The OAuth token issue itself: I added a reauth.py script that walks through a fresh Google OAuth flow when needed. Future token expirations are now a 30-second fix, not a 5-day silent failure.
Live status: youtube-pipeline-dashboard.vercel.app · Channel: AI News Daily.
Update: V2 cinematic engine, a Shorts lever, and a hard pivot to kids' cartoons
Mid-2026 — two phases of change: first making the pipeline better, then changing what it makes.
Quality + reach (V2):
- V2 Quality Engine — a rebuilt, cinematic news assembler.

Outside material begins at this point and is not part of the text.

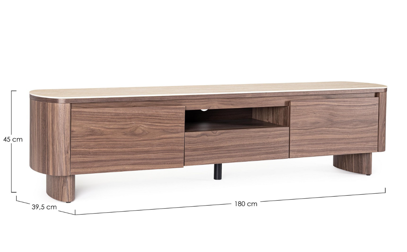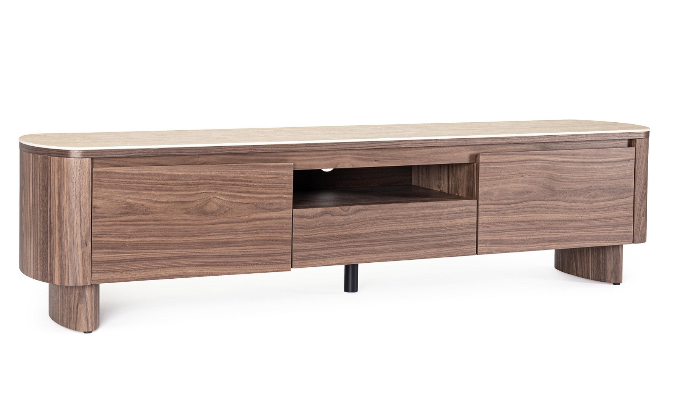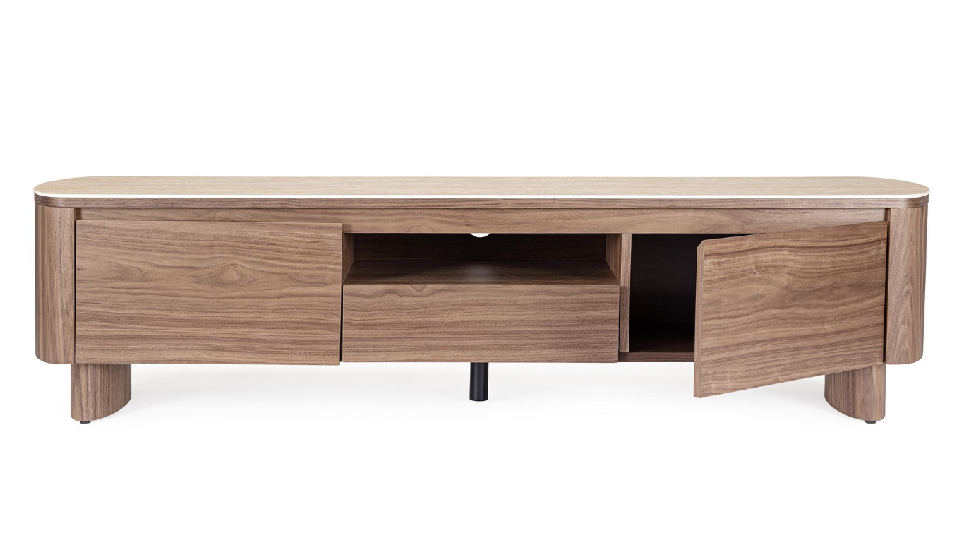 Un mueble de TV pensado para quienes buscan diseño y funcionalidad en una sola pieza. Su estructura y patas de DM chapado en nogal aportan un estilo cálido y elegante, mientras que el tablero de piedra sinterizada con efecto travertino añade un toque sofisticado y resistente al uso diario. Las dos puertas ofrecen espacio de almacenaje discreto y el cajón central permite mantener todo organizado. El acabado en pintura de poliuretano garantiza durabilidad y un aspecto impecable, y las bisagras de cierre suave aportan una experiencia de uso silenciosa y de calidad. Una pieza que eleva cualquier salón.

The rebuild also surfaced a real bug worth calling out: the V2 assembler could crash and silently fall back to old V1 quality — exactly the kind of quiet degradation this whole system is supposed to prevent — so it now fails loudly instead.
- YouTube Shorts pipeline — a third daily upload as a dedicated growth lever, alongside the long-form video.
- Teaching animation that matches the voiceover instead of playing random motion under the narration — plus continuous-motion animation and subtitle-position fixes for reported quality issues.
- Quota made un-exhaustible — a daily run-guard plus multi-key Groq fallback so hitting the free-tier LLM cap can no longer kill a day's run, and daily token refresh keeps YouTube OAuth alive. Services pinned to IST (
TZ=Asia/Kolkata) so uploads land at the right local hour.
The pivot: the news pipeline had proven the machinery, so I repointed it at a more durable niche — kids' cartoons on a 3-day rotation (CalmSpark), replacing the daily-news content entirely. Same autonomous spine (research → script → TTS → visuals → FFmpeg → upload); different, longer-lived output. The pipeline now fails fast when the CalmSpark channel token is missing, with a dedicated reauth helper.
What I Learned
- Build-and-forget systems require you to anticipate failure more, not less
- Automation exposes every weakness in a manual process that was previously hidden
- The hardest part of any automation is the human decision still hiding inside it
- Shipping a system that runs without you is the closest thing to leverage a single person can have
- Silent failures are the worst class of automation bug. A pipeline that fails loudly gets fixed in an hour. A pipeline that quietly fails for 5 days breaks trust in the whole system. The fix is always external observability — push status somewhere that's not the failing system itself.